Hitevision Co.Ltd(002955) : internal control self evaluation report

Hitevision Co.Ltd(002955)

Internal control evaluation report in 2021

Hitevision Co.Ltd(002955) all shareholders:

In accordance with the provisions of the basic norms of enterprise internal control and its supporting guidelines and other internal control regulatory requirements (hereinafter referred to as the “enterprise internal control normative system”), combined with Hitevision Co.Ltd(002955) (hereinafter referred to as the “company”) internal control system and evaluation methods, on the basis of daily and special supervision of internal control, We evaluated the effectiveness of the company’s internal control as of December 31, 2021, the benchmark date of the internal control evaluation report.

1、 Important statement

It is the responsibility of the board of directors of the company to establish, improve and effectively implement internal control, evaluate its effectiveness and truthfully disclose the internal control evaluation report in accordance with the provisions of the enterprise’s internal control standard system. The board of supervisors shall supervise the establishment and implementation of internal control by the board of directors. The management is responsible for organizing and leading the daily operation of the enterprise’s internal control.

The board of directors, the board of supervisors and the directors, supervisors and senior managers of the company guarantee that there are no false records, misleading statements or major omissions in the contents of this report, and bear individual and joint legal liabilities for the authenticity, accuracy and completeness of the contents of the report.

The objective of the company’s internal control is to reasonably ensure the legal compliance of operation and management, asset safety, authenticity and integrity of financial reports and relevant information, improve operation efficiency and effect, and promote the realization of development strategy. Due to the inherent limitations of internal control, it can only provide reasonable assurance for the realization of the above objectives. In addition, as changes in circumstances may lead to inappropriate internal control or reduced compliance with control policies and procedures, there is a certain risk to speculate the effectiveness of internal control in the future according to the internal control evaluation results.

2、 Internal control evaluation conclusion

According to the identification of major defects in the company’s internal control over financial reporting, on the benchmark date of internal control evaluation report, December 31, 2021, the company has no major defects or important defects in the company’s internal control over financial reporting, and no major defects or important defects in the company’s internal control over non-financial reporting have been found. The board of Directors believes that the company has maintained effective internal control over financial reporting in all major aspects in accordance with the requirements of the enterprise’s internal control standard system and relevant regulations.

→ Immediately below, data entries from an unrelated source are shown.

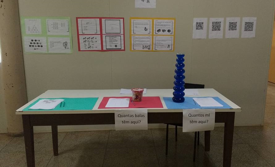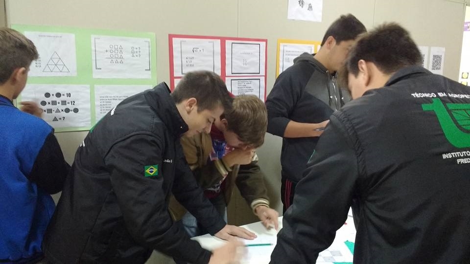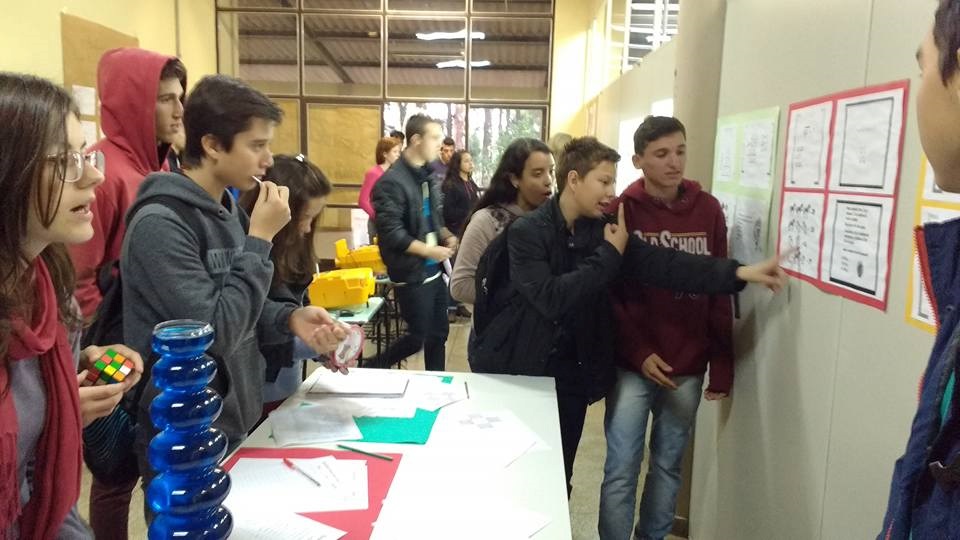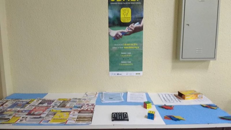 Foram expostos alguns materiais didáticos, tais como sólidos geométricos, alguns exemplares da Revista Cálculo, provas da OBMEP e da OBM, um painel com algumas aplicações da matemática em disciplinas técnicas do Curso Técnico em Agropecuária, entre outros. Além disso, foi proposta a resolução de vários Desafios Matemáticos, bem como atividades interativas na lousa digital. Também foram disponibilizados alguns jogos lógicos e pedagógicos, como o Tangram, Cubo Mágico, Xadrez e Resta Um para que os alunos utilizassem a matemática de uma forma lúdica e descontraída.
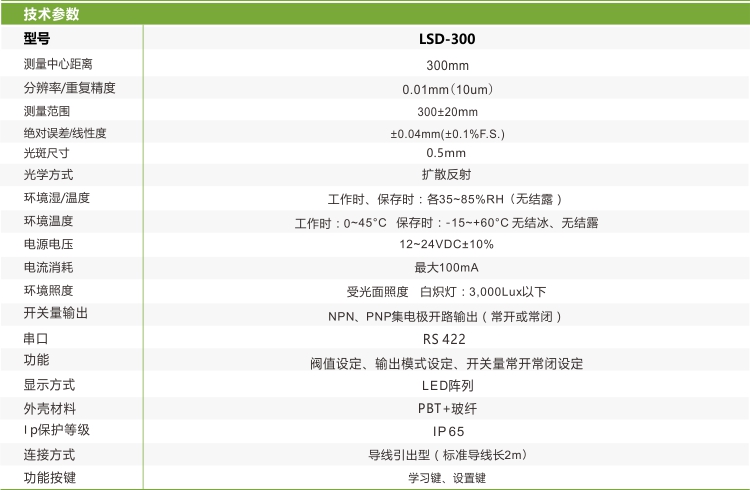 首頁 > 產品中心 >>傳 感 器 >> 激光位移傳感器 >> 激光位移傳感器 LSD-300
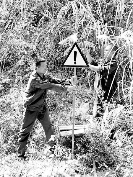 近日,漳平煤业物业管理开发公司组织对辖区内的生态恢复治理组织全面检查,并对各区域重新设置监测点、设立警示牌等警示标识。图为管理人员正在设立警示牌。
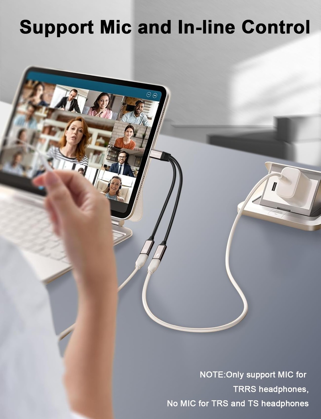 VIOY USB C Splitter 1 in 2 Out, Dual USB-C Headphone and Charger black
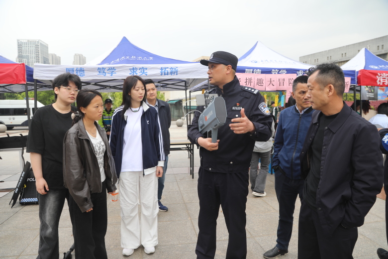 与主会场活动同步,凌云广场户外体验式感知教育活动火热开展。现场设置消防、禁毒、交通、急救、反暴恐五大主题宣传区,以及“国安拼图大冒险”互动游戏区。其中,反暴恐宣传区首次亮相成为亮点,特警队员现场展示防暴叉、无人机侦测反制装备,演示应急处突战术,吸引众多师生驻足体验。活动借助讲解、展示、实操、互动等多元形式,让安全知识可感可学、入脑入心。
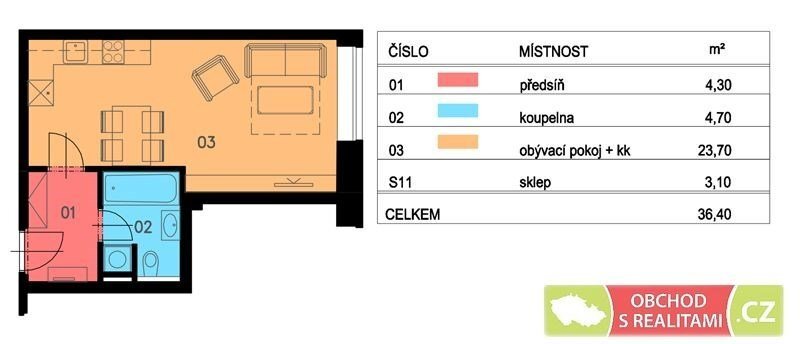 Svojetice u Říčan, nový byt 1+KK / sklep
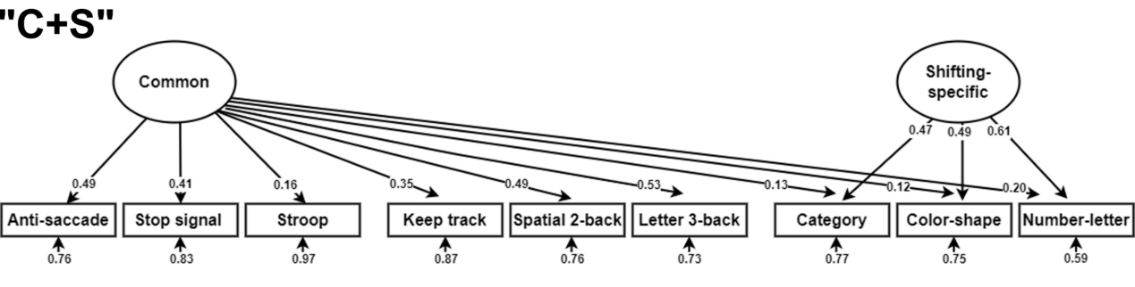 首先,為了全面考察EFs的結構,作者比較分析了基于三種最常討論的EF成分(即抑制[I]、更新[U]和轉移[S])的所有可能的12個候選模型,得到了五個具有良好擬合參數的模型。該結果不僅重復了之前受到廣泛關注的兩個模型:“抑制+更新+切換”模型(I+U+S),“共同+更新特異性+切換特異性”模型(C+U+S);而且拓展考察了由共同成分和一個特異性成分組成的模型,并且發現“共同+切換特異性”模型(C+S)擬合良好。
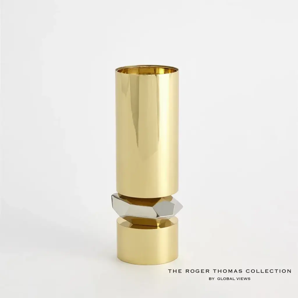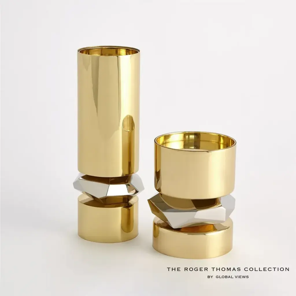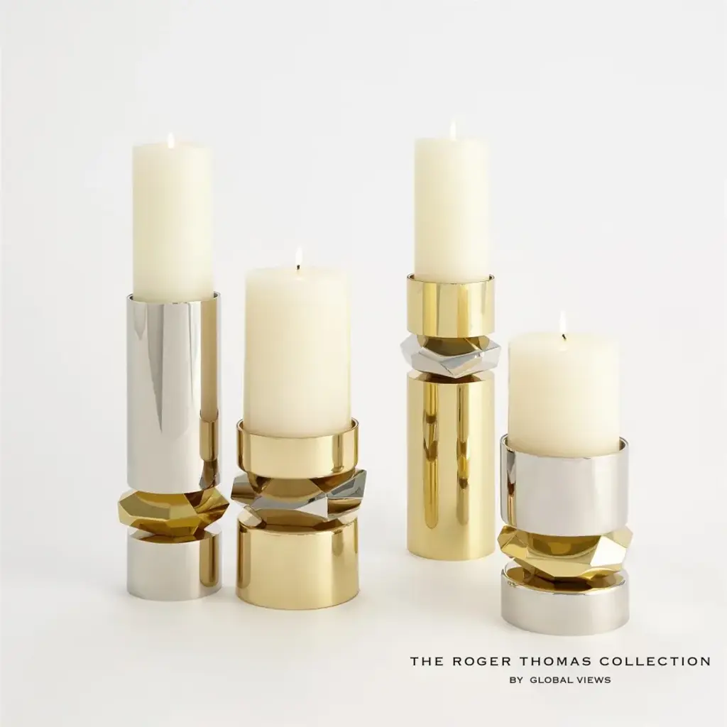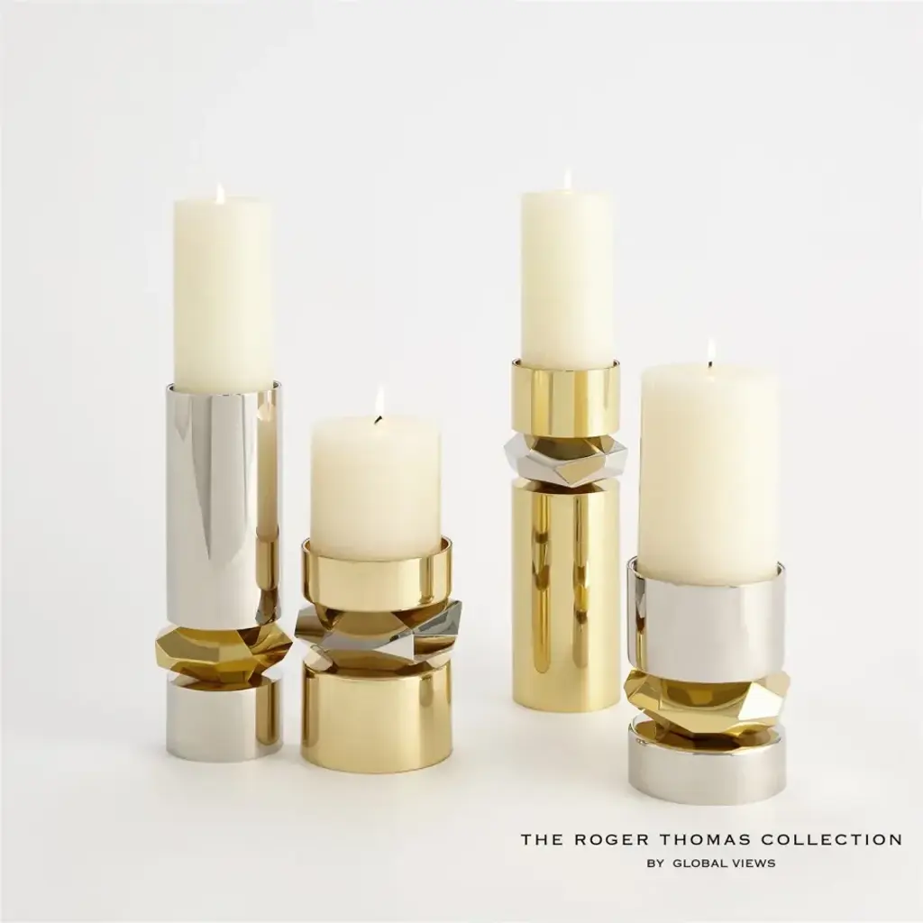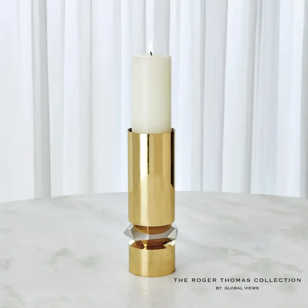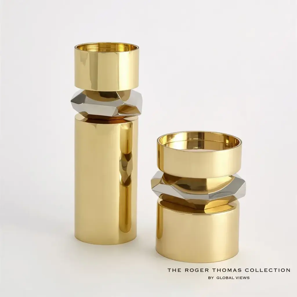 The Romano Brass Candle Holder is made of shiny brass and nickel-plated brass. Holds 3 inch pillar candle. From a fashion forward perspective, Global Views offers accessories, furniture, statement lighting, and an assortment of rugs and mirrors to add beauty and joy to your home.
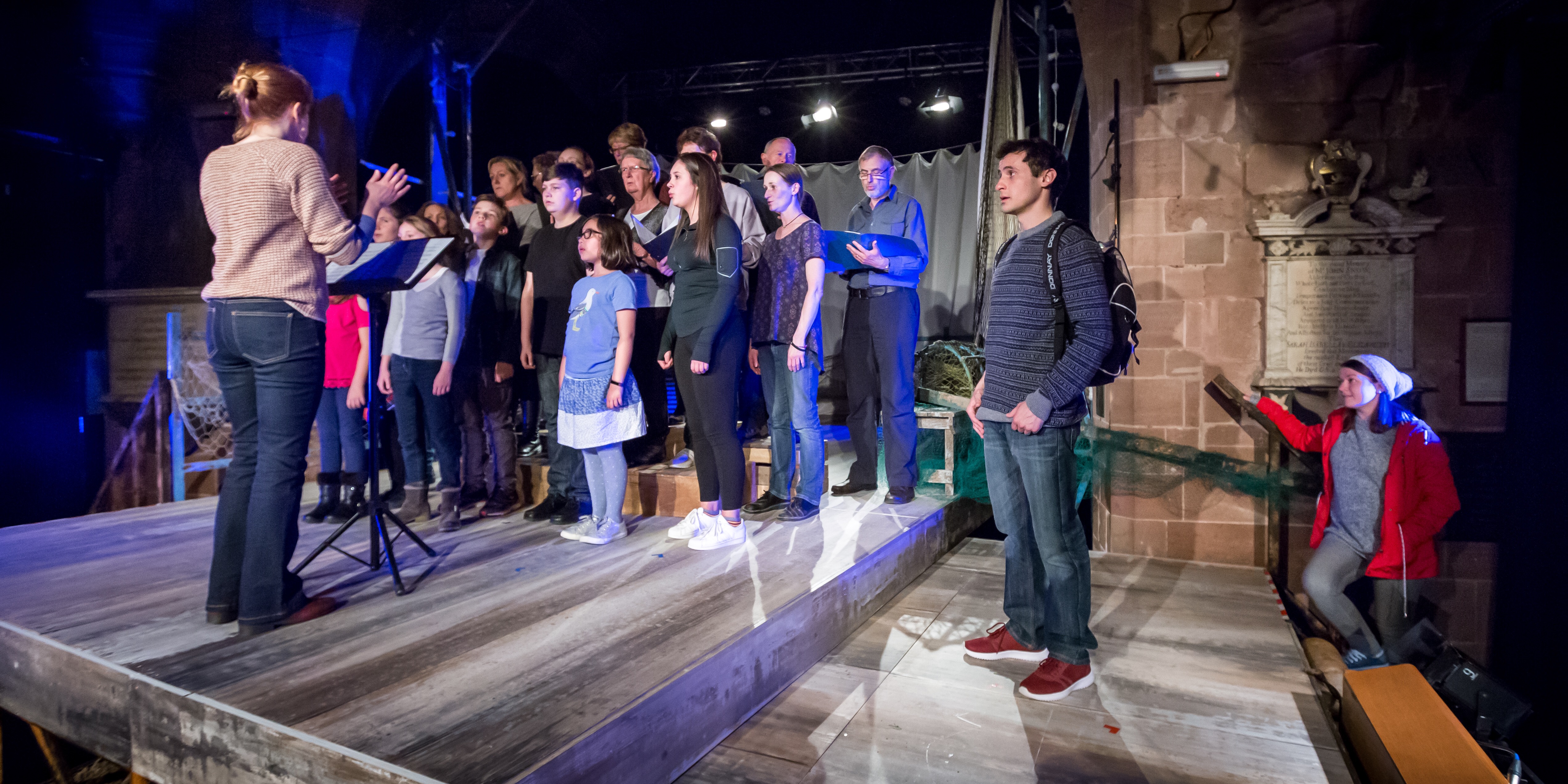 Contrast this with a sudden transformation as the chorus cast off their coats and leave the dark intense atmosphere to suddenly become a bubbly choir gathering for rehearsals in a cosy community hall.
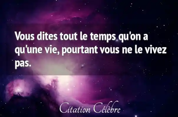 Vous dites tout le temps qu'on a qu'une vie, pourtant vous ne le vivez pas.
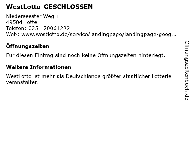 | Adresse WestLotto-GESCHLOSSEN in Lotte anzeigen |
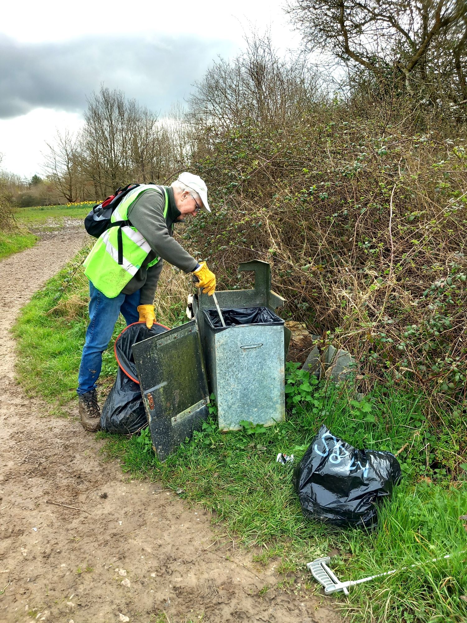 Meanwhile Sarah and Frank took on litter picking duties. Generally the car park and reserve as a whole were delightfully litter free – so they took on the odious and smelly task of emptying the decrepit litter bin at the top of Kestrel field that does not appear to have been emptied by the contractors for some months.
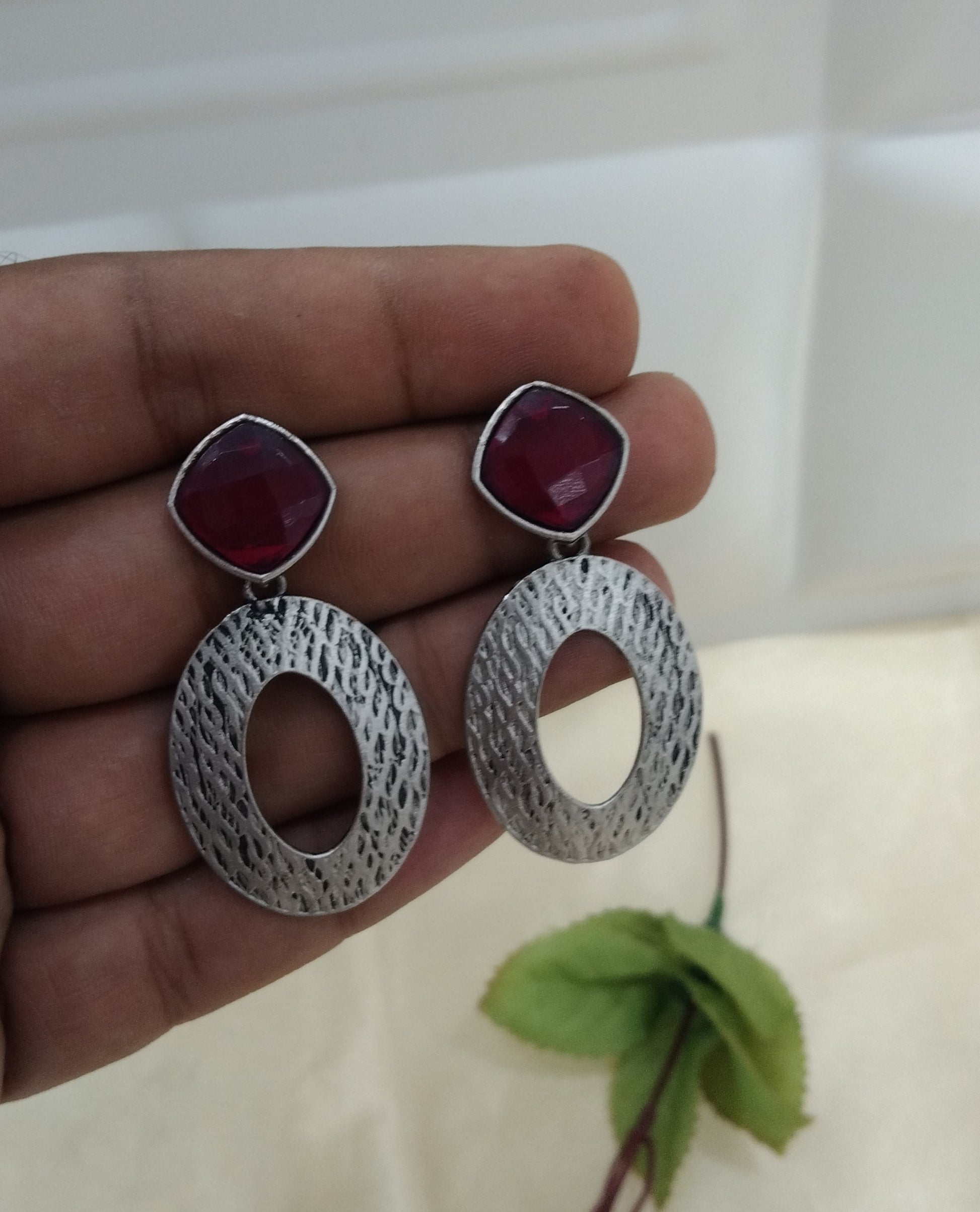 Majenta Oxidized Metal Shalu Bollywood Earrings Jewellery
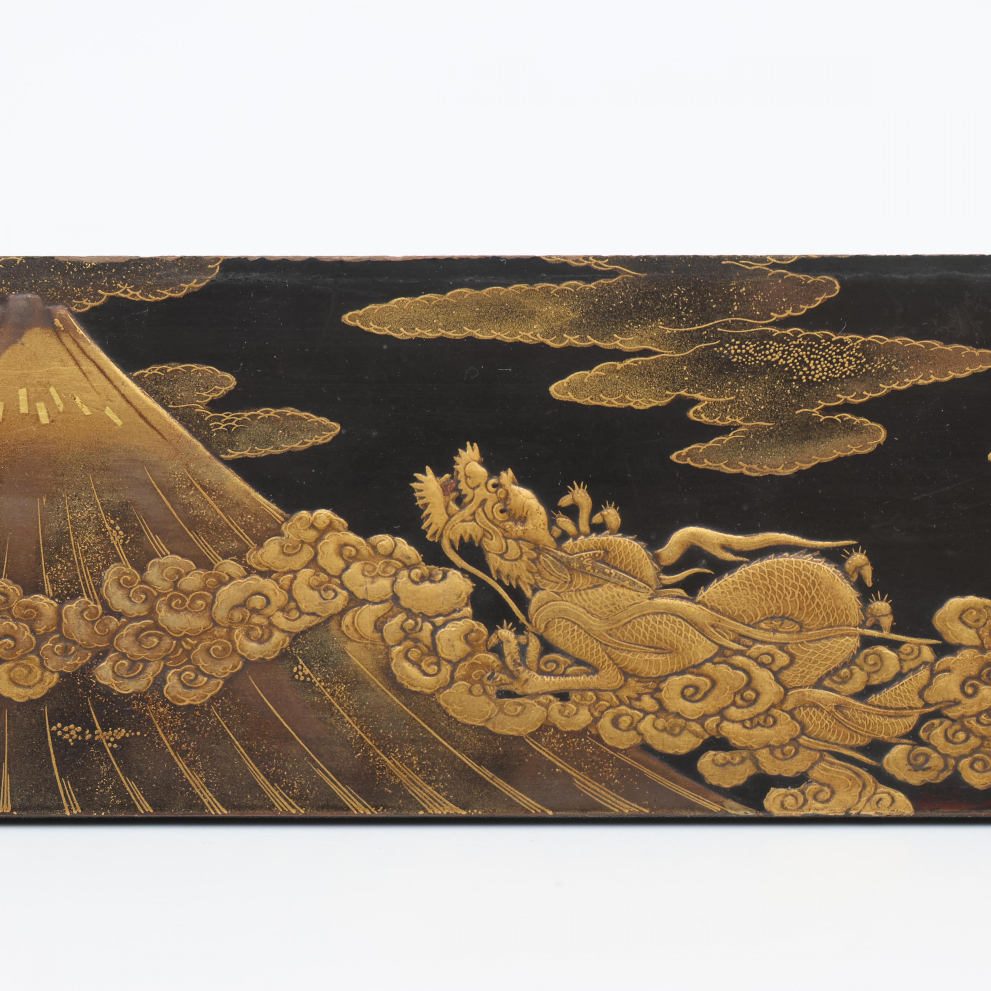 the tray decorated in gold hiramakie with fruiting branches and the panel in gold hiramakie, takamakie and togidashi makie with a dragon in the clouds near Mount Fuji (the tray with small restored chip to corner and a small loss to the rim, the panel with splits to the wood on the reverse)

According to the identification of major defects in the company’s internal control over non-financial reports, the company found no major defects in the company’s internal control over non-financial reports on the benchmark date of the internal control evaluation report.

There are no factors affecting the evaluation conclusion of the effectiveness of internal control from the base date of the internal control evaluation report to the date of issuance of the internal control evaluation report.

(I) evaluation scope of internal control

According to the risk oriented principle, the company determines the main units, businesses and matters included in the evaluation scope and high-risk areas.

The main units included in the evaluation scope include the company and its holding subsidiaries. The unit assets included in the evaluation scope account for 100% of the total assets in the company’s consolidated financial statements, and the total operating revenue accounts for 100% of the total operating revenue in the company’s consolidated financial statements.

This year’s internal control evaluation focuses on corporate governance and organizational structure, human resource management, corporate culture, financial management, sales and collection, foreign investment, guarantee and related party transactions, procurement management, asset management, research and development, quality management, after-sales maintenance management, information system, etc.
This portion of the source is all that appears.